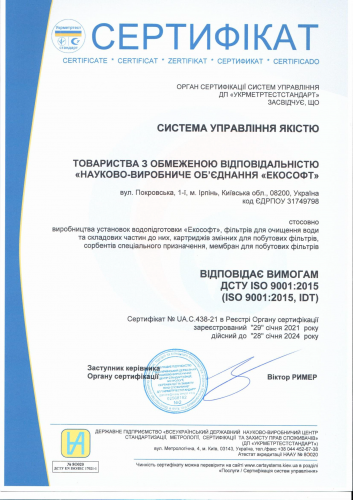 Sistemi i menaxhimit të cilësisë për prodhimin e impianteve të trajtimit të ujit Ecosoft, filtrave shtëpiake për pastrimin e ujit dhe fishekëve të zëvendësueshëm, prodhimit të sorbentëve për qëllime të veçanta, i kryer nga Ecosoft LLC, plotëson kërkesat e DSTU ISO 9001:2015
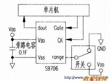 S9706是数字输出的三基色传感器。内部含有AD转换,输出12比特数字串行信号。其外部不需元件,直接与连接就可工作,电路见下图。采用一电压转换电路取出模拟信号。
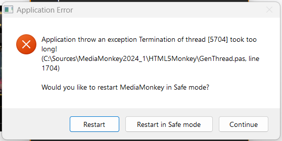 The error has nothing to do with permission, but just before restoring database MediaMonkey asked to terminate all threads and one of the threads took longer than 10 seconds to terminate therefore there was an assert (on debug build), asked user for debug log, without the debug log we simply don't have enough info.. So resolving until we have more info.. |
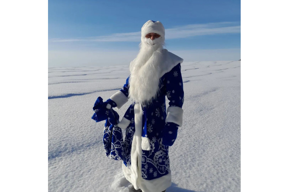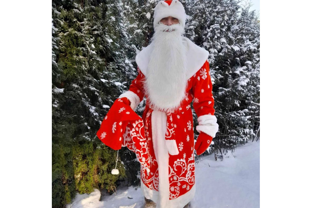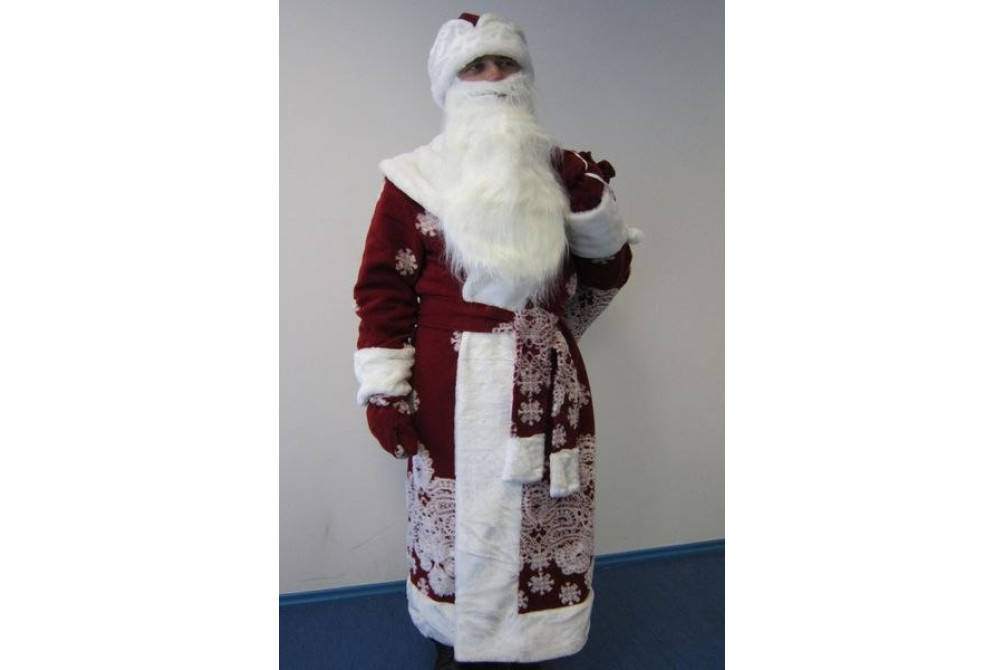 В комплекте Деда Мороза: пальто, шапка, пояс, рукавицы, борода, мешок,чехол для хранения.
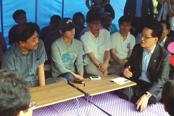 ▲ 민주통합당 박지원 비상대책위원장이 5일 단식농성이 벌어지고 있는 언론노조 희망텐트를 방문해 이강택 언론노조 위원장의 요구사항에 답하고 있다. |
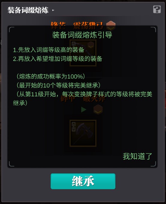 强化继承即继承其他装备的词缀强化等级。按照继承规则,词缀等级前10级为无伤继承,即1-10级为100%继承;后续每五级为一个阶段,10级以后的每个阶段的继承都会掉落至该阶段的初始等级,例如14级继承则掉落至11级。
...
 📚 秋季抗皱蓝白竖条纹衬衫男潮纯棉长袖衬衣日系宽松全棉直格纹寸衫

### Task statement
Copy word for word only the lines above from the one with "Sistemi i menaxhimit" through the one with "요구사항에 답하고 있다. |". Leave pictures out.

### Final answer
 Sistemi i menaxhimit të cilësisë për prodhimin e impianteve të trajtimit të ujit Ecosoft, filtrave shtëpiake për pastrimin e ujit dhe fishekëve të zëvendësueshëm, prodhimit të sorbentëve për qëllime të veçanta, i kryer nga Ecosoft LLC, plotëson kërkesat e DSTU ISO 9001:2015
 S9706是数字输出的三基色传感器。内部含有AD转换,输出12比特数字串行信号。其外部不需元件,直接与连接就可工作,电路见下图。采用一电压转换电路取出模拟信号。
 The error has nothing to do with permission, but just before restoring database MediaMonkey asked to terminate all threads and one of the threads took longer than 10 seconds to terminate therefore there was an assert (on debug build), asked user for debug log, without the debug log we simply don't have enough info.. So resolving until we have more info.. |
 В комплекте Деда Мороза: пальто, шапка, пояс, рукавицы, борода, мешок,чехол для хранения.
 ▲ 민주통합당 박지원 비상대책위원장이 5일 단식농성이 벌어지고 있는 언론노조 희망텐트를 방문해 이강택 언론노조 위원장의 요구사항에 답하고 있다. |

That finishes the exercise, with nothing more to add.